*** Opening Extracted information ***

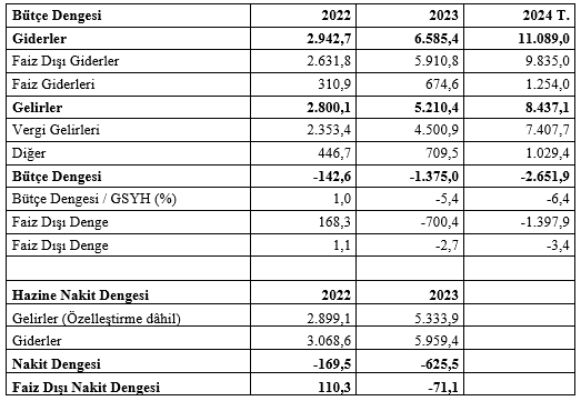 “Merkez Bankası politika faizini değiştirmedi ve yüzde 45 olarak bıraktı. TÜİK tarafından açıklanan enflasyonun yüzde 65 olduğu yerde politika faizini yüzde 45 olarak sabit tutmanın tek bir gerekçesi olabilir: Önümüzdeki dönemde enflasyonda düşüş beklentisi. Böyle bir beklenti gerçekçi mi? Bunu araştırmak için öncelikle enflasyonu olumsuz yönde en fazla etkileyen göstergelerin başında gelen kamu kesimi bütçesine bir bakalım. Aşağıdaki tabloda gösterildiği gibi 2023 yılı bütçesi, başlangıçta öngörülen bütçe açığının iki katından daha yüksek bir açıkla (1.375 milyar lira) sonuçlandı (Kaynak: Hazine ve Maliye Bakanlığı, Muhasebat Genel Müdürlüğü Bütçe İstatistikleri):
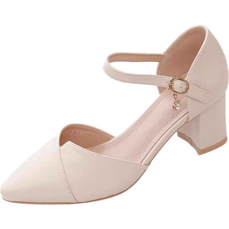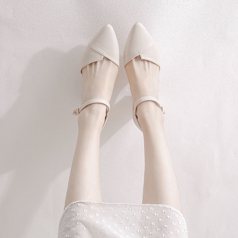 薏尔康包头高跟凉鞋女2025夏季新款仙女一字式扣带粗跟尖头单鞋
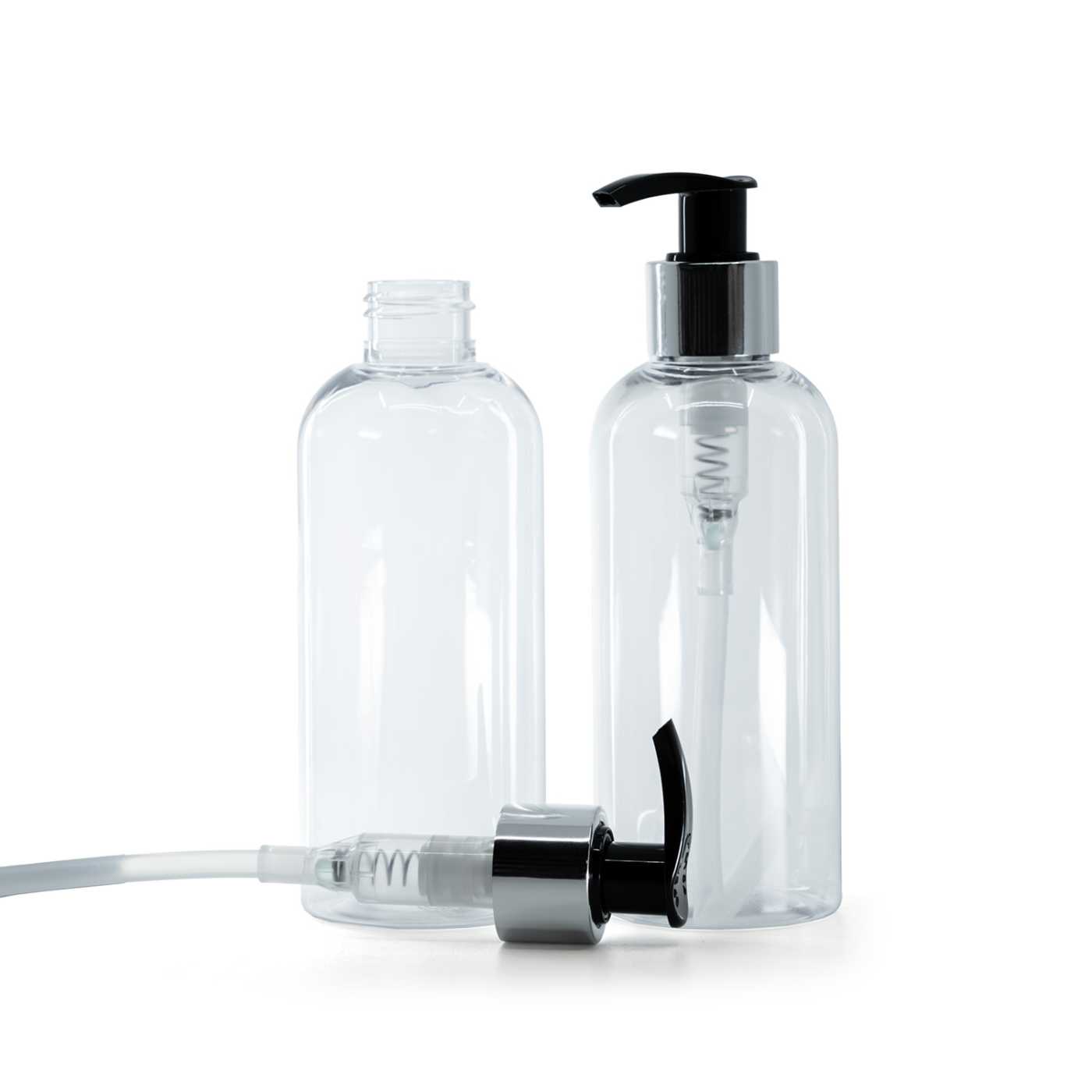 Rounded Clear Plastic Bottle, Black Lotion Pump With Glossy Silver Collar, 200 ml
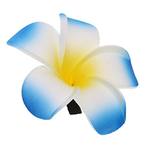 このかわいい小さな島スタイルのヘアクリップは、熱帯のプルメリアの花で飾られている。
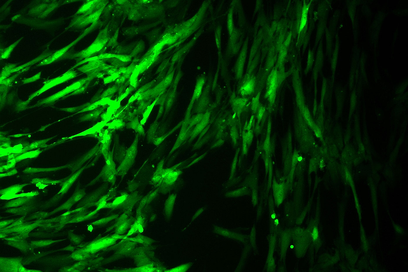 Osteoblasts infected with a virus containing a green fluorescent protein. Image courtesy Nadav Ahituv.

*** Closing Extracted information ***

Starting at the line that contains "このかわいい小さな島スタイル", reproduce every line through the last one in the records exactly, and omit all pictures.

| Solution for this exercise |
 このかわいい小さな島スタイルのヘアクリップは、熱帯のプルメリアの花で飾られている。
 Osteoblasts infected with a virus containing a green fluorescent protein. Image courtesy Nadav Ahituv.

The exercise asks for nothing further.